Pelare tell me! PM, i promise i won't tell any one!

----------


## DaHaloman117

Yea, could anyone PM about a Recent one? I would not tell anyone else, If anyone is willing to tell me.

----------


## Garneth

Lol @ lazy leechers trying to get dupe methods.

----------


## Toopsyy

They'll eventually tell people... Lololol.

----------


## Relican

Drop an item on the ground, walk a bit away from it, then click the item you want to dupe, and right as you pick it up click on a potion and drop it. The potion will turn into the item you had dropped on the ground.

----------


## cordes96

If anyone knows how to do one the I am looking to buy a Method im not a Lazy Leecher no i would like to Buy a Method if anyone has 1 just Pm how much your selling it for and i will make up my mind if its a good price. i am not taking Really Prices be legit and not a scammer

----------


## SurfingBird

There are duping methods but they are kept private for good reasons as previously stated. There are indeed underground communities which feature this aspect of exploiting the game. There is only one single requirement for joining most these communities; have the brains to search the web and find it. If you find it, you've proven your state of intelectuality and that's all that is needed!

Don't PM me, seriously.

----------


## Clotic

> Drop an item on the ground, walk a bit away from it, then click the item you want to dupe, and right as you pick it up click on a potion and drop it. The potion will turn into the item you had dropped on the ground.


rofl. when i read this i laughed... gl with it :Smile: )

----------


## oprime

> rofl. when i read this i laughed... gl with it)


 :Smile:  this is a reference to the original dupe method in Diablo 1. I lold actually

----------


## SurfingBird

Hmm, I just got a fantastic idea!
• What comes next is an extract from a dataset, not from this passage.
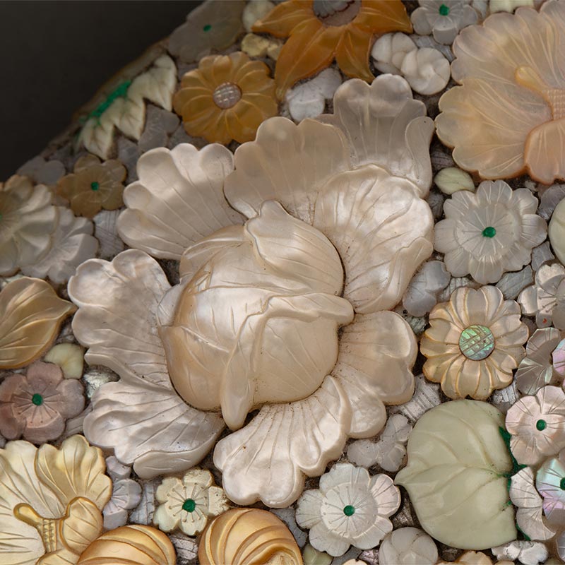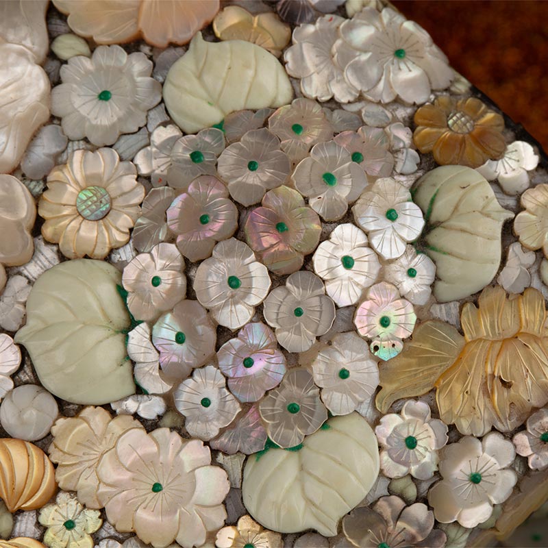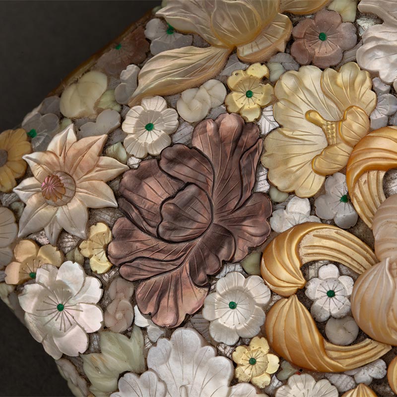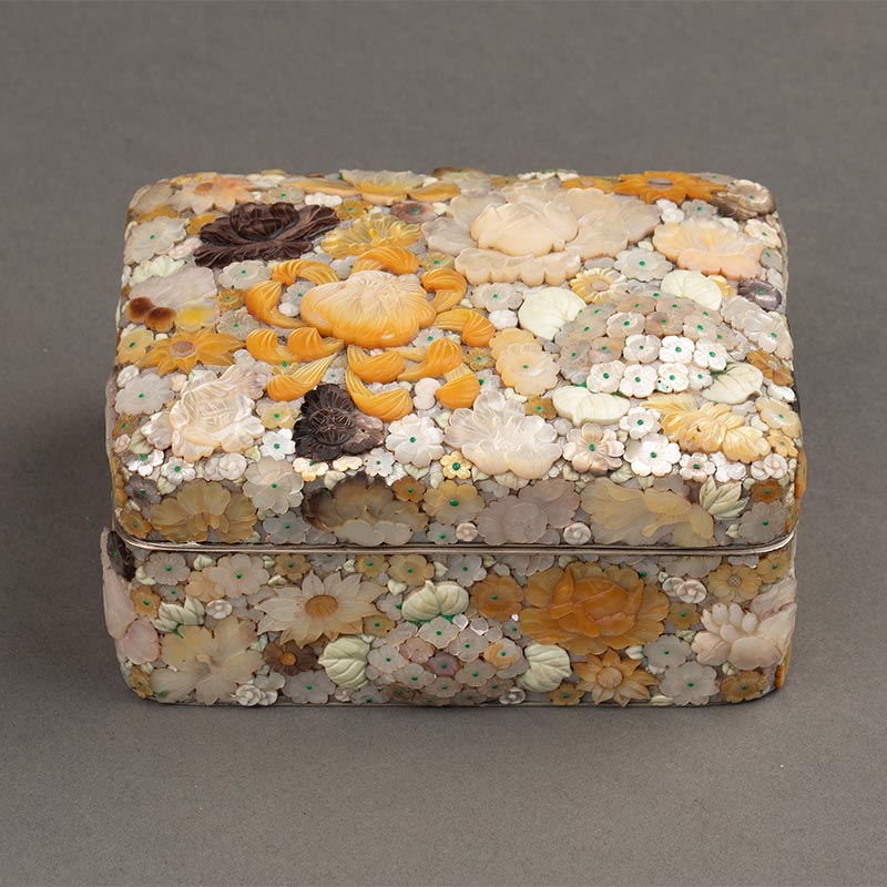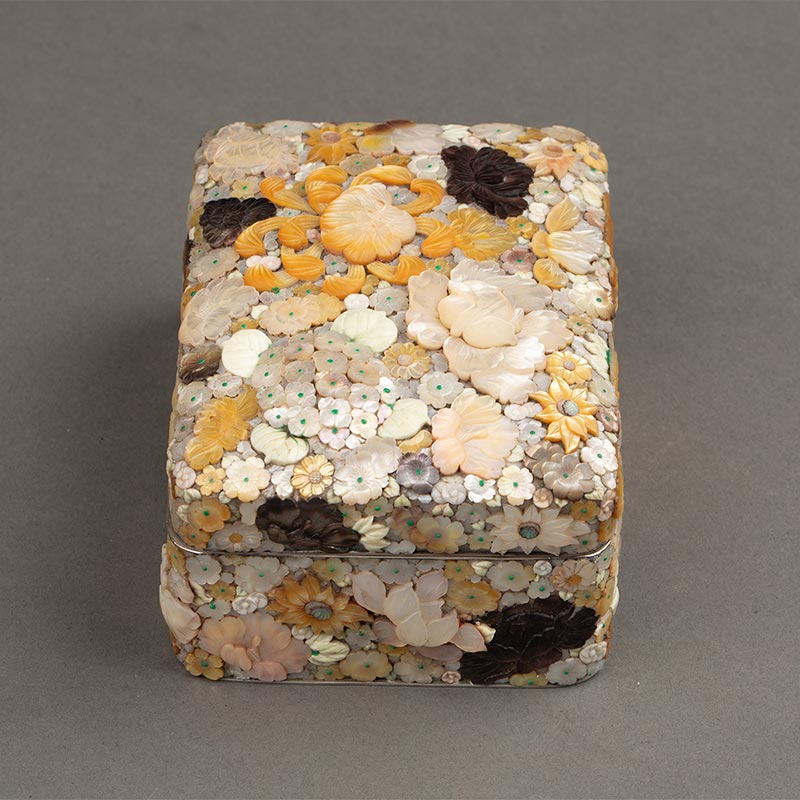 19世纪末20世纪初日本明治时期出品梨地莳绘装饰千花纹样款芝山镶嵌珍宝盒

I'll make a rittle for you guys, if you figure it out then you're one step further in your progress of finding an underground community wihich feature this aspect. So, let's try this:

There are 500 bricks on a plane, throw one out, how many are left?
What are the three steps to put an elephant into a fridge?
What are the four steps to but a rhino into a fridge?
It's the lion king's birthday party and all the animals are there, except for one. Which?
On the way to the lion king's birthay party, an old lady has to cross a swamp filled with crocodiles, how does she do it?
The old lady did die, but how did she die?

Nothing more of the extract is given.